**Stored data**
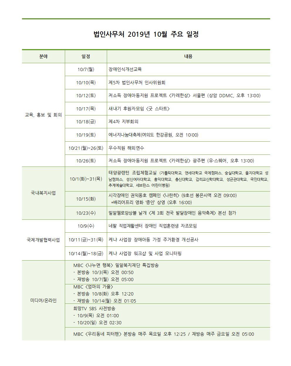 법인사무처 2019년 10월 주요일정
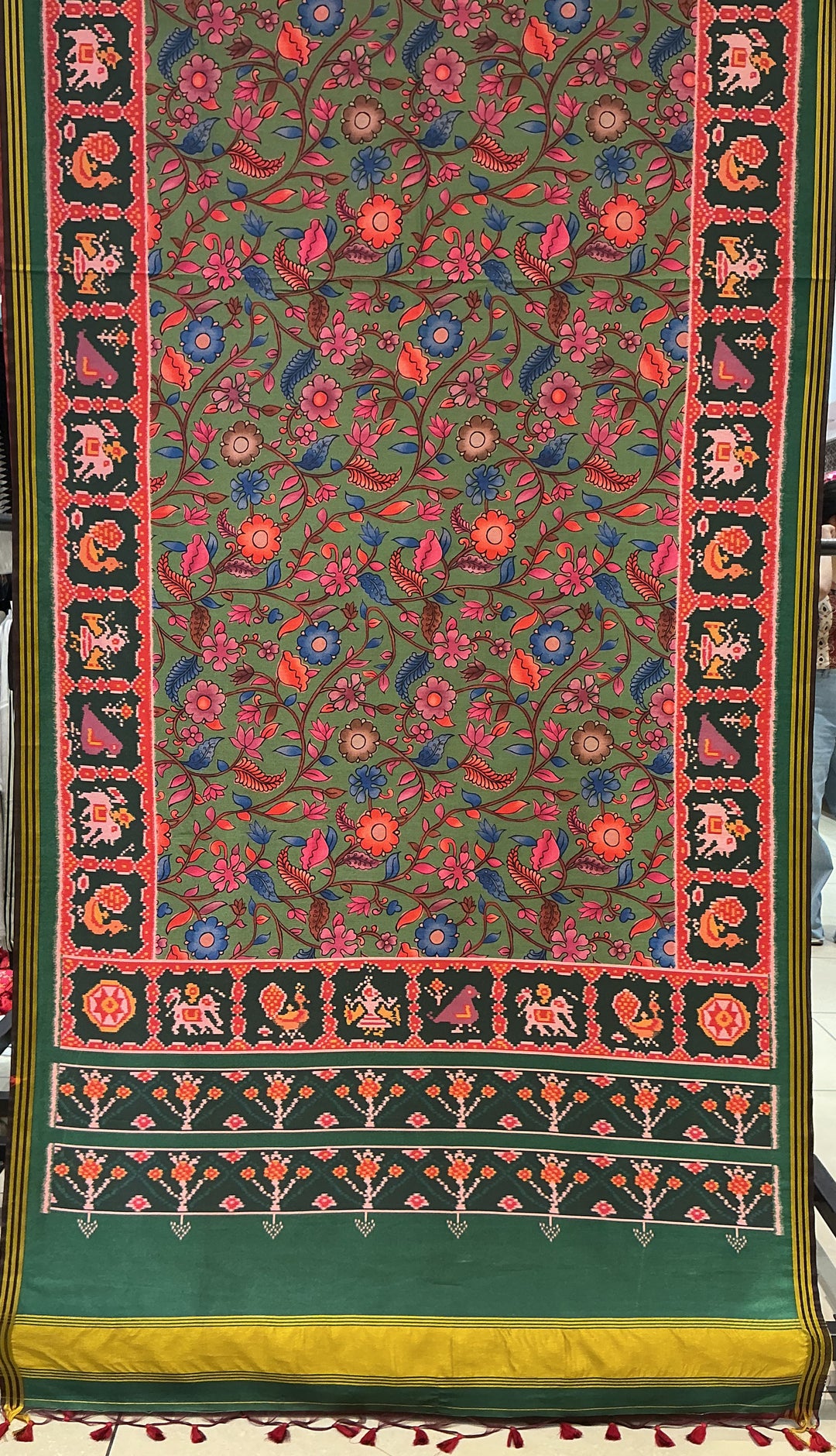 Bottle Green Floral Patola Inspired Silk Saree with Traditional Animal & Bird Border p150
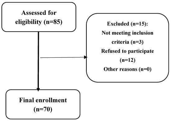 A descriptive study was conducted in the 2023 and 2024 academic years at Zefat Academic College in the north of Israel. We adopted different channels for recruiting participants to ensure a diverse sample. This included advertisements posted in the local academic institution’s social media, local department forums, and the college’s website. Out of the 85 first-year students who responded to the research invitation, 70 met the inclusion criteria and agreed to participate for this study [Figure 1]. Participants were excluded if they were (1) pregnant, (2) underwent surgery in their spine or lower extremities, (3) had neuromuscular-skeletal diseases, and/or (4) had anatomical deformities related to the spine and chest wall. A consent form, which included the purpose of the research and the right of the participant to withdraw at any time, was received from each participant. We recruited only first-year students because this research is part of a prospective study that intends to follow up with the students for 1–2 years. This study was conducted according to the Helsinki Declaration and approved by the Departmental Research Ethics Committee, Zefat Academic College (no. 2-2024).

**Task brief**
Set down the whole listing word for word, omitting the pictures.

**Exercise answer**
 법인사무처 2019년 10월 주요일정
 Bottle Green Floral Patola Inspired Silk Saree with Traditional Animal & Bird Border p150
 A descriptive study was conducted in the 2023 and 2024 academic years at Zefat Academic College in the north of Israel. We adopted different channels for recruiting participants to ensure a diverse sample. This included advertisements posted in the local academic institution’s social media, local department forums, and the college’s website. Out of the 85 first-year students who responded to the research invitation, 70 met the inclusion criteria and agreed to participate for this study [Figure 1]. Participants were excluded if they were (1) pregnant, (2) underwent surgery in their spine or lower extremities, (3) had neuromuscular-skeletal diseases, and/or (4) had anatomical deformities related to the spine and chest wall. A consent form, which included the purpose of the research and the right of the participant to withdraw at any time, was received from each participant. We recruited only first-year students because this research is part of a prospective study that intends to follow up with the students for 1–2 years. This study was conducted according to the Helsinki Declaration and approved by the Departmental Research Ethics Committee, Zefat Academic College (no. 2-2024).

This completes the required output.